The new U.S. Spirit spacecraft on Mars has transmitted a sweeping three-dimensional panorama of nearby terrain to joyful scientists at mission control. The scientists have already selected a target they want the roving robot to explore when it sets off in several days.
Scientists at the Jet Propulsion Laboratory in California donned spectacles with red and blue lenses to peer at a three-dimensional black-and-white view of a broad swath of flat Martian terrain littered with rocks.
Mission scientist Matt Wallace said "I feel like I'm at a very bad 1950s [grade] B movie, actually."
In the foreground, an estimated 15 meters away, is a shallow 10-meter wide crater, one of several small ones in the area. Scientists have named it Sleepy Hollow, a reference both to their lack of rest and a 19th century American novel. Mission engineer Art Thompson said scientists might send the six-wheeled rover there on its first maneuver next week if subsequent color images do not show them something more tantalizing. "We're like kids at the candy store. We're no longer looking in the glass. We're at the case trying to decide which way to go. We can hardly wait until we get off the lander so we can start driving and doing fun stuff on the surface," he said.
The purpose of the mission is to analyze rocks for signs of water to determine if Mars could ever have supported life. The site where Spirit touched down, called Gusev Crater, is thought to be an ancient lakebed.

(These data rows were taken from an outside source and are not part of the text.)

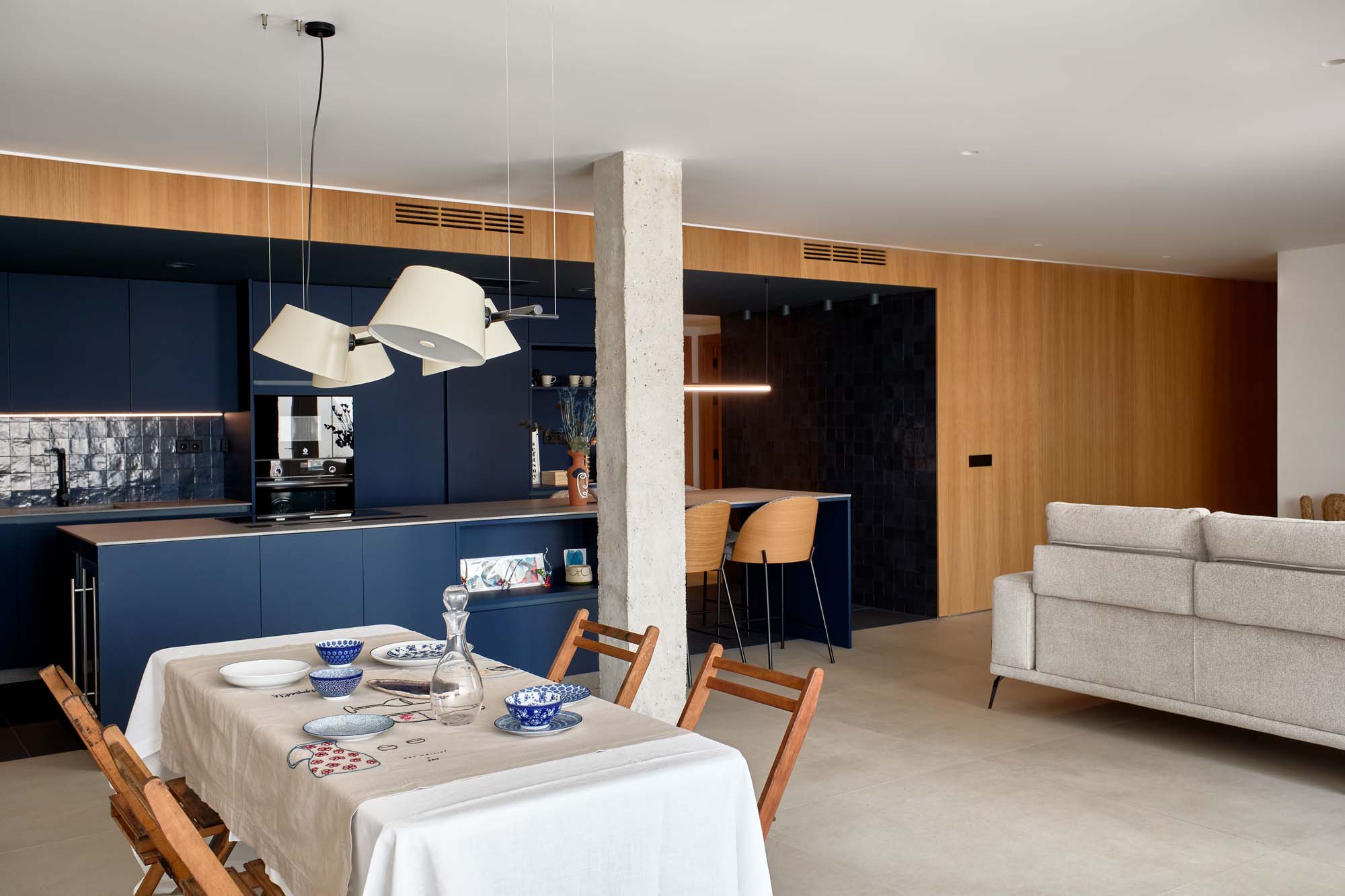 WohnungsbauProyecto Veta von JAO Arquitectura erneuert eine Residenz in Almerimar mit einer zentralen „Veta“, die die Räume verbindet. Die Marazzi-Keramiken definieren Farbnuancen und Materialien und vereinen neutrale Töne mit intensiven Blautönen zu einer zeitgenössischen Atmosphäre.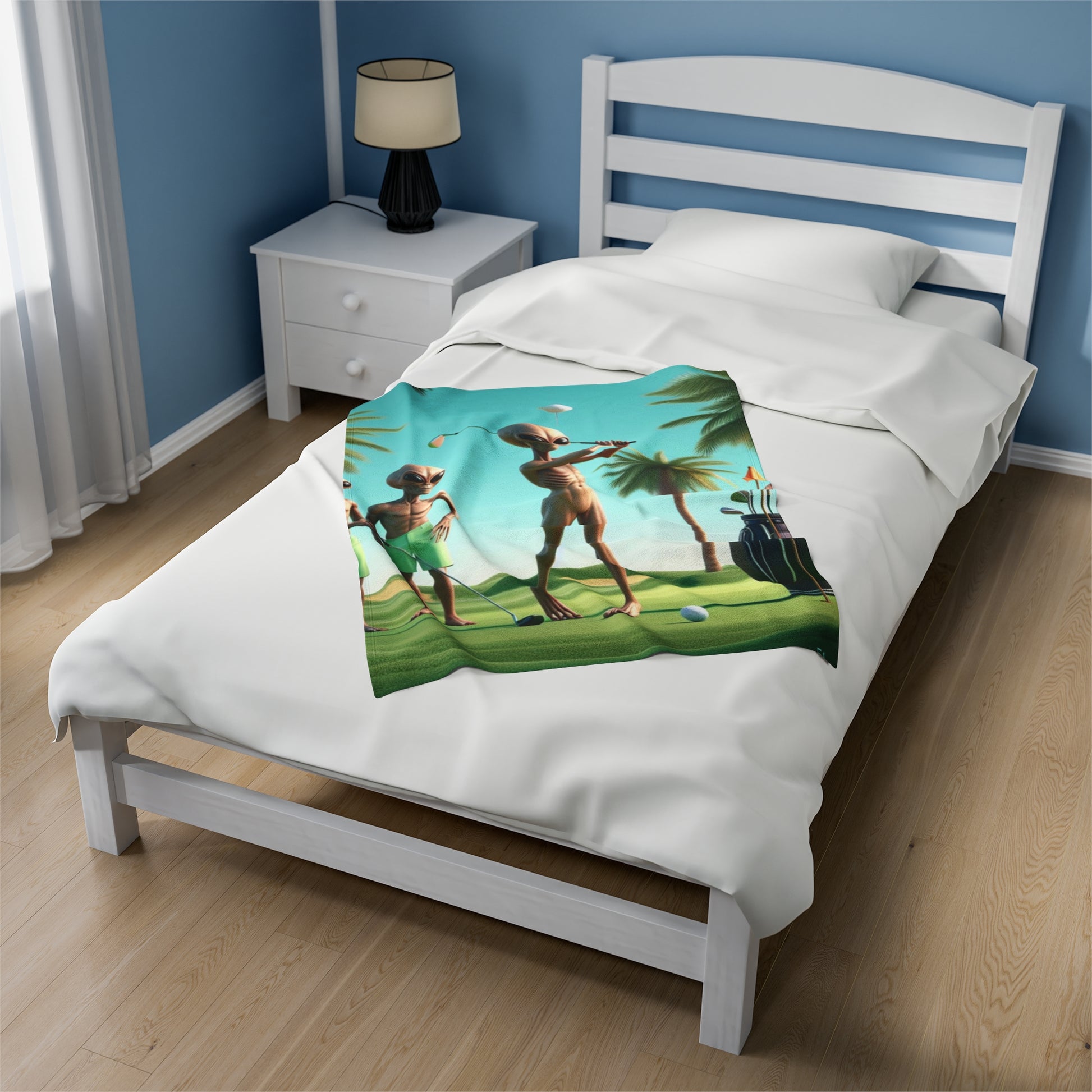 Golf might have started in Scotland, but it’s enjoyed everywhere—even if it’s a bit tricky to play in zero gravity! Crafted by humans and brought to life by AI, this velvety plush blanket adds warmth and comfort to any space. Soft and snuggly, it’s an ideal addition to your home or a fun gift. Don’t forget to ask about our personalization options! Choose from three cozy sizes: 30x40", 50x60", and 60x80".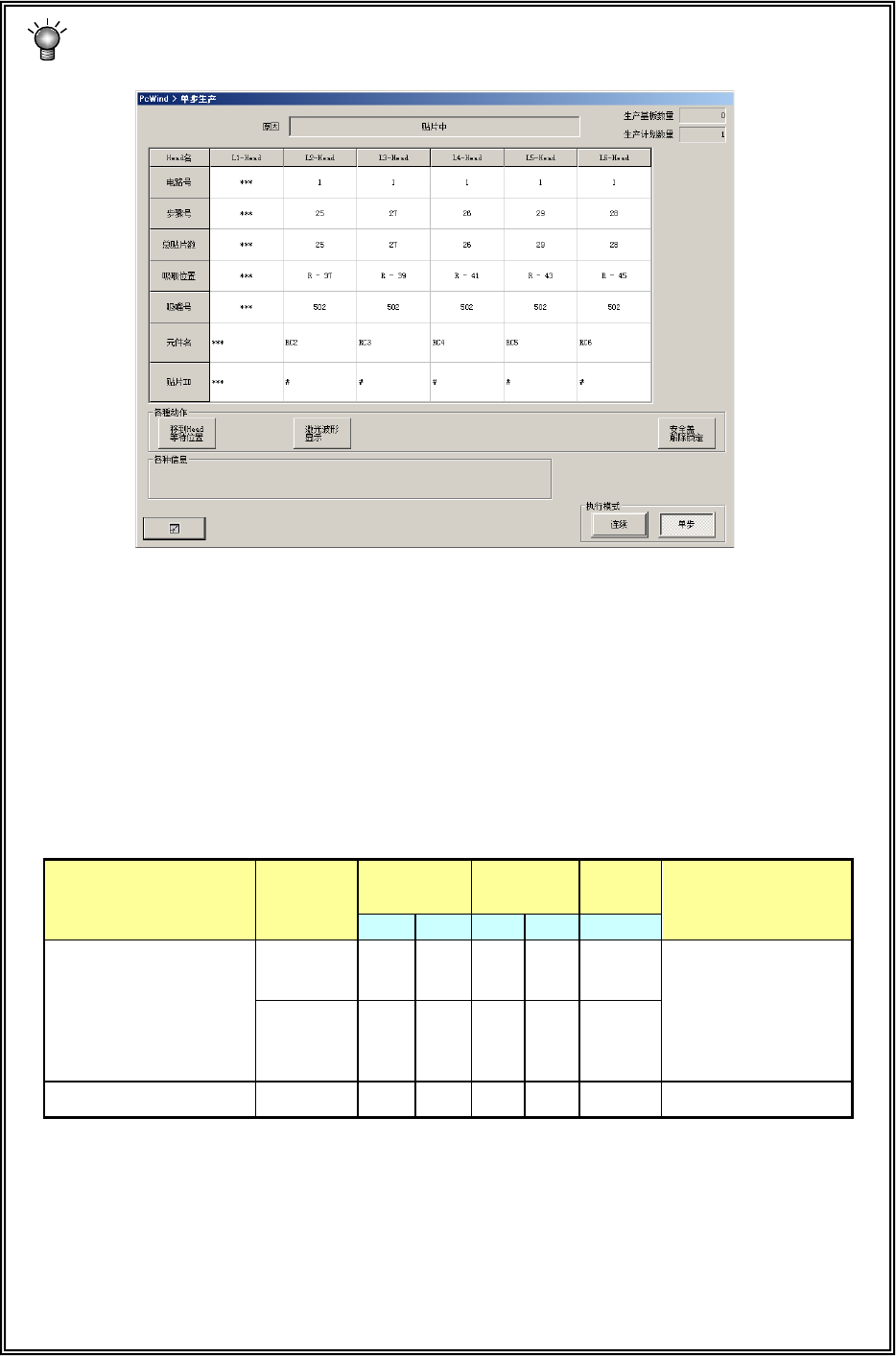 (3)在“单步生产”中停止,或在连续生产中暂停时,按下画面上的[连续]/[单步]按钮,可切换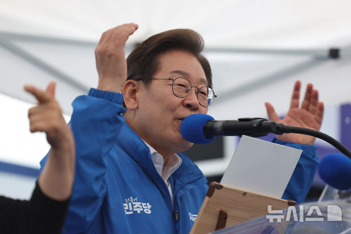 [전주=뉴시스] 조성우 기자 = 이재명 더불어민주당 대선후보가 16일 전북 전주시 전북대 후문에서 열린 유세에서 지지를 호소하는 연설을 하고 있다. (공동취재) 2025.05.16. [email protected]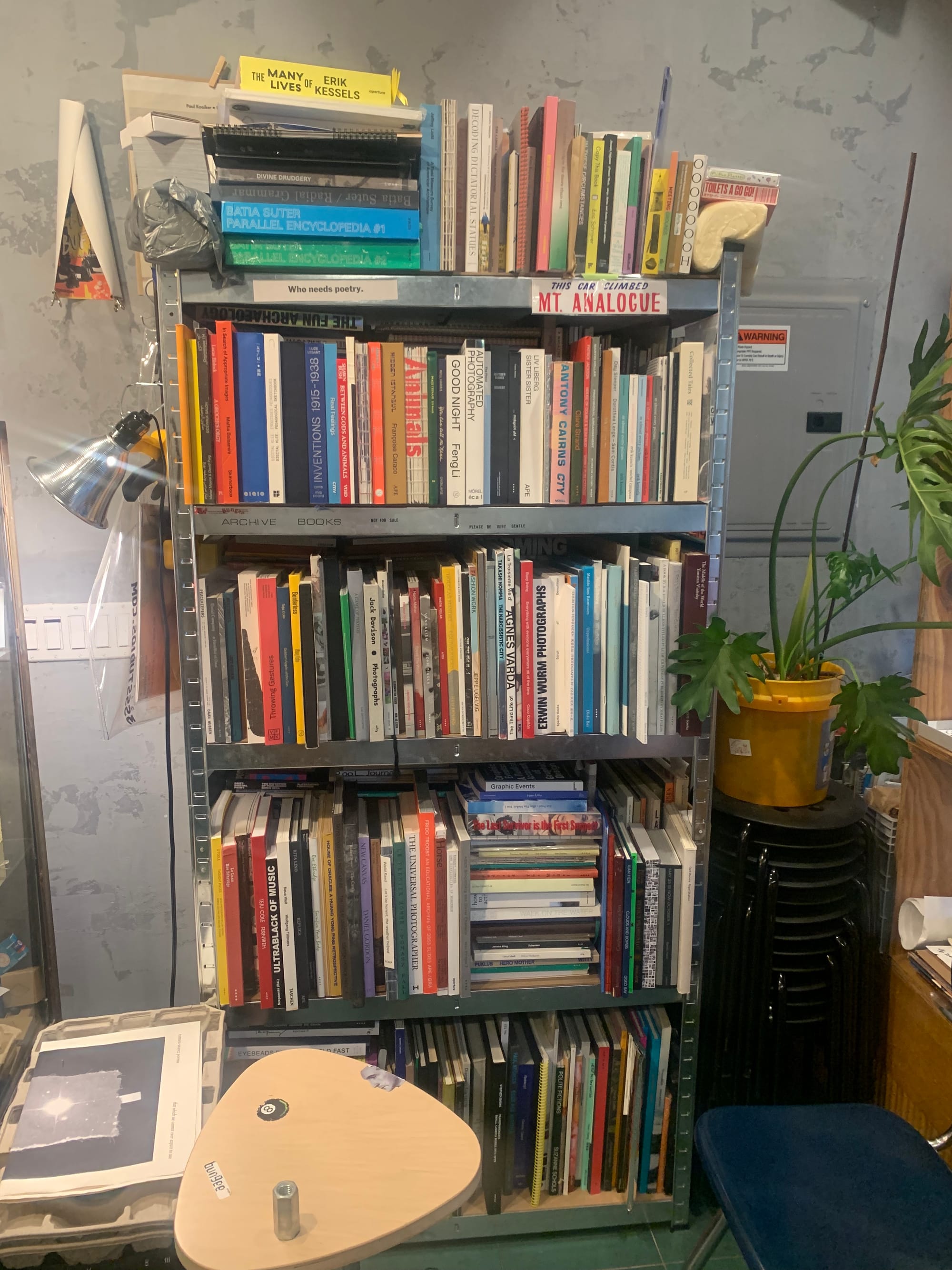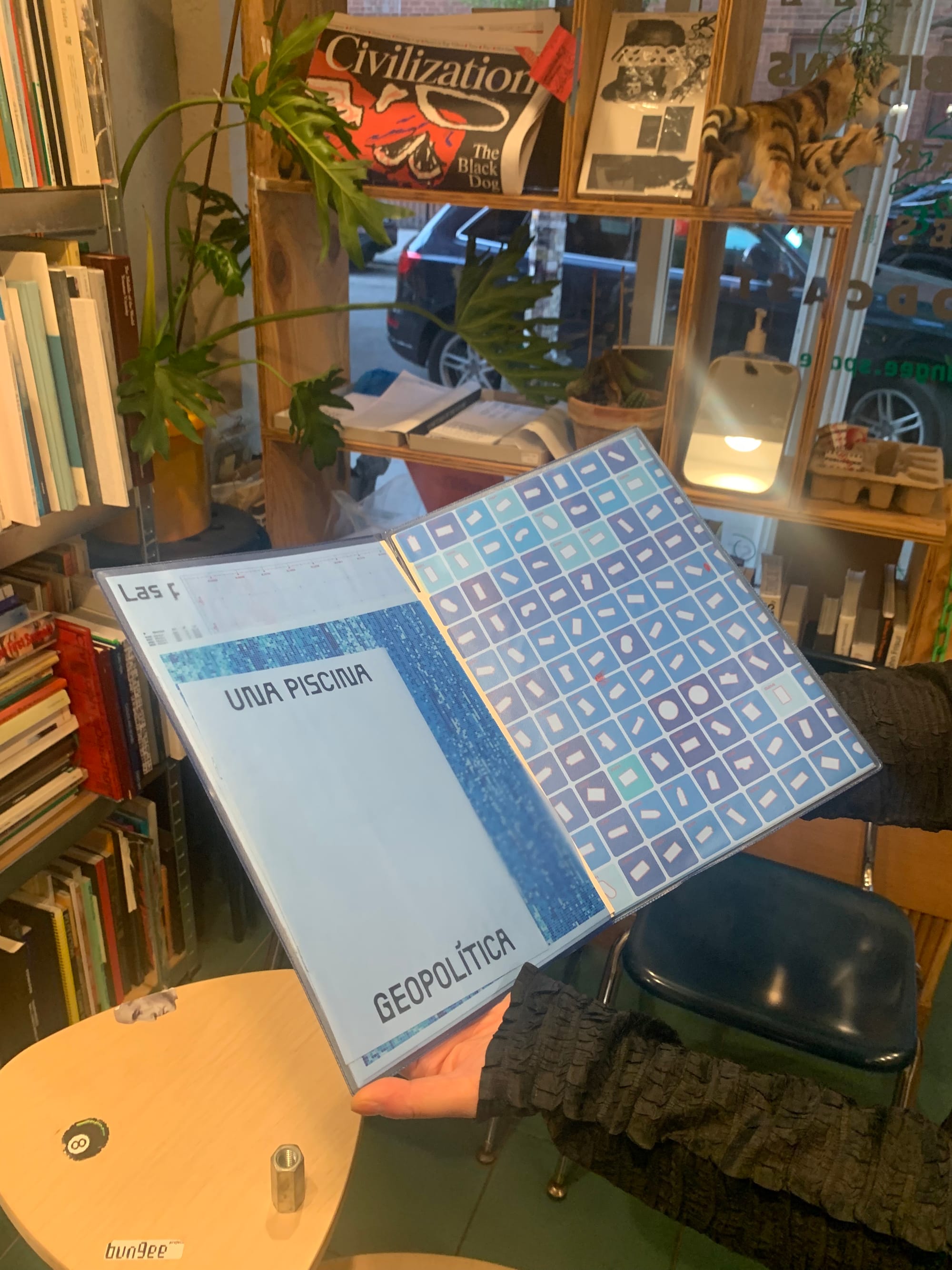 All of the carefully selected books are rooted in Huang’s keen interest in image studies as a portal into other topics. Four Times Through the Labyrinth (Spector Books, 2021) stands out as a longtime customer favorite, providing a deep dive into the labyrinth form through the transcripts from lectures given in 2013 in Leipzig, Germany — including but not limited to the discombobulating maze that is Ikea. Highlighted on Bungee Space’s small publication spotlight table during my visit was Revue Faire, running essays, how-tos, and experimental works related to graphic design on a biweekly basis during the academic year. Huang also recommended Una Piscina Geopolítica, which documents research and performance by artists Diego Abellán and Joaquín Lucas on the insidious abundance of swimming pools across Spain, given worsening water scarcity, for a thoughtful summer read. Though Bungee Space is currently out of copies, visitors can read this and other titles at the mini library corner, where a shelf and chairs make a home for visitors browsing sold-out titles.

Mission scientist Steven Squyres of Cornell University says inspecting Sleepy Hollow will offer an opportunity to look at subsurface layers. But he said he is in no hurry to get the rover there until they have more experience driving it. "We haven't earned our Martian driver's licenses yet. Early on, we're going to be driving this vehicle very, very cautiously. It's the right thing to do. We've got unknown terrain beneath our wheels. We've got a vehicle that's completely different from anything that's ever been operated before. You know, if it takes a week to get to Sleepy Hollow, that's fine with me," he said.
In the meantime, the Spirit team is testing and calibrating the communications equipment and scientific instruments that will sense, scrape, and take close-up pictures of rocks. Mr. Squyres says he was afraid the impact of the landing might have damaged some of the hardware. But he noted that all of it tested well. "The good news keeps on coming!"
Some of the airbags deployed in the landing have not been fully retracted, a task engineers will attempt so they do not snag the rover wheels when it advances down the lander's ramp.
The rover is the size of a golf cart and will take three days to become operational. It is collapsed, as if in a squat. It must be raised and its front and back wheels fully extended before it rolls anywhere.
Spirit is being followed to Mars by an identical spacecraft named Opportunity, which will explore a smooth piece of territory on the other side of the red planet.